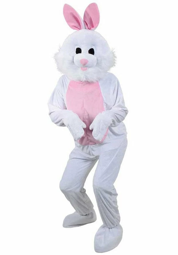 Our White Easter Bunny Mascot includes head and jumpsuit with attached shoe and hand covers.
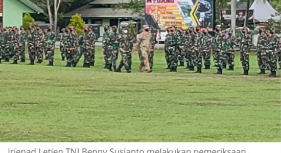 BALIKPAPAN–Irjenad Letjen TNI Benny Susianto memimpin Upacara Penutupan Latihan Bersama (Latma) Garuda Shield Ke-15 yang digelar di Amborawang di Lapangan Markas Yonif
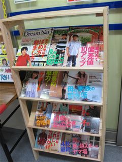 正解は1階フロントの扉を開けて右側すぐにあります!ここに置いてある本棚は、子ども向けの絵本ではなく、大人の方がお子さんのために読む情報誌がたくさん置いてあります。
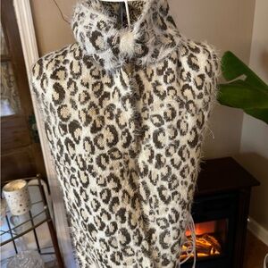Stylish leopard print scarf. Perfect for adding a chic touch to any outfit. Comes with its own bow like headband or neck warmer. Soft and warm. Measures about 34” as an infinity scarf.
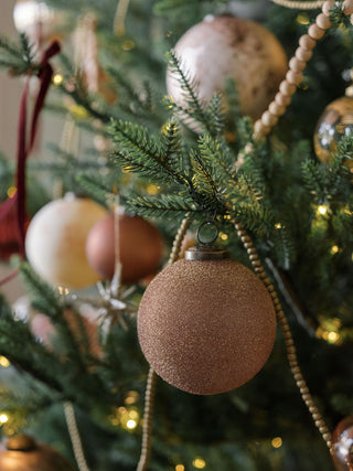 Add a touch of artistry to your holiday decor with our Handcrafted Mouthblown Glass Ornament. Featuring a 4-inch diameter set of 4, bronze antique topper, and natural jute hanger, this ornament in cinnamon with Gold accents brings a unique, handcrafted charm to your festive celebrations. Imported to make your holidays truly special.
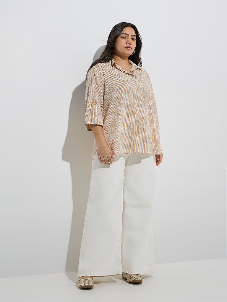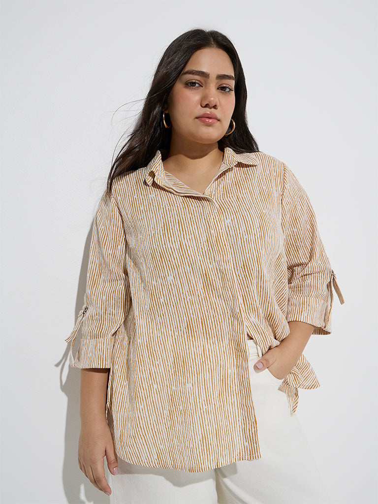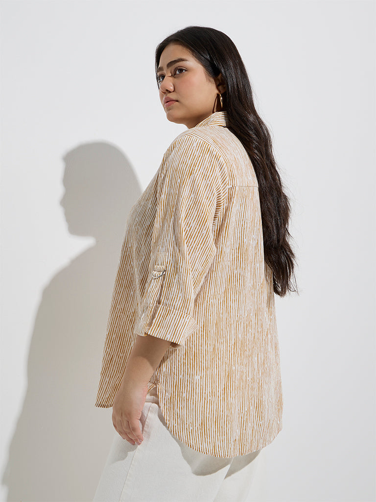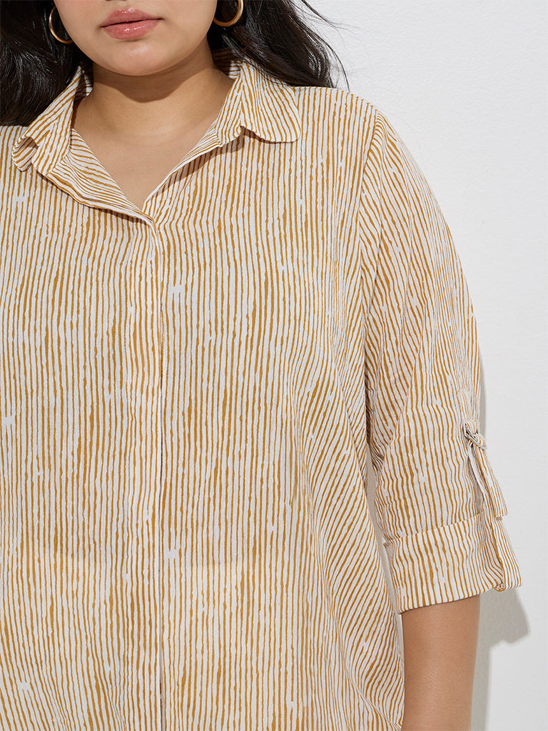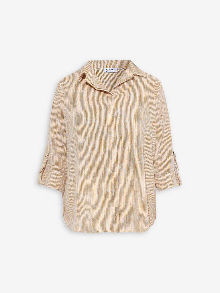 Brighten your wardrobe with this mustard shirt from Gia. a harmonious blend of comfort and style. Its soft cotton-rich fabric is beautifully patterned with stripe prints. offering a fresh aesthetic. Designed with a classic collar and a concealed button placket. it boasts three-quarter sleeves accented with buckle detailing for a refined look.
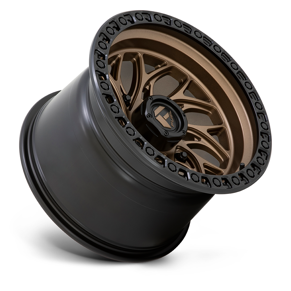 Introducing the Fuel D777 Runner Bronze Wheel! Get ready to hit the trails with this bold and adventurous addition to your UTV. Its expressive swept split-spoke design features a rugged simulated beadlock look, finished in a rich bronze with a striking black ring. Crafted with durable one-piece construction, this wheel is designed to deliver remarkable performance across various terrains.
= = = =
» Exercise directions: Reproduce exactly the lines above that run from the one with "正解は1階フロントの扉を開け" to the one with "Stylish leopard print", both included, leaving pictures out.

» Exercise result:
 正解は1階フロントの扉を開けて右側すぐにあります!ここに置いてある本棚は、子ども向けの絵本ではなく、大人の方がお子さんのために読む情報誌がたくさん置いてあります。
Stylish leopard print scarf. Perfect for adding a chic touch to any outfit. Comes with its own bow like headband or neck warmer. Soft and warm. Measures about 34” as an infinity scarf.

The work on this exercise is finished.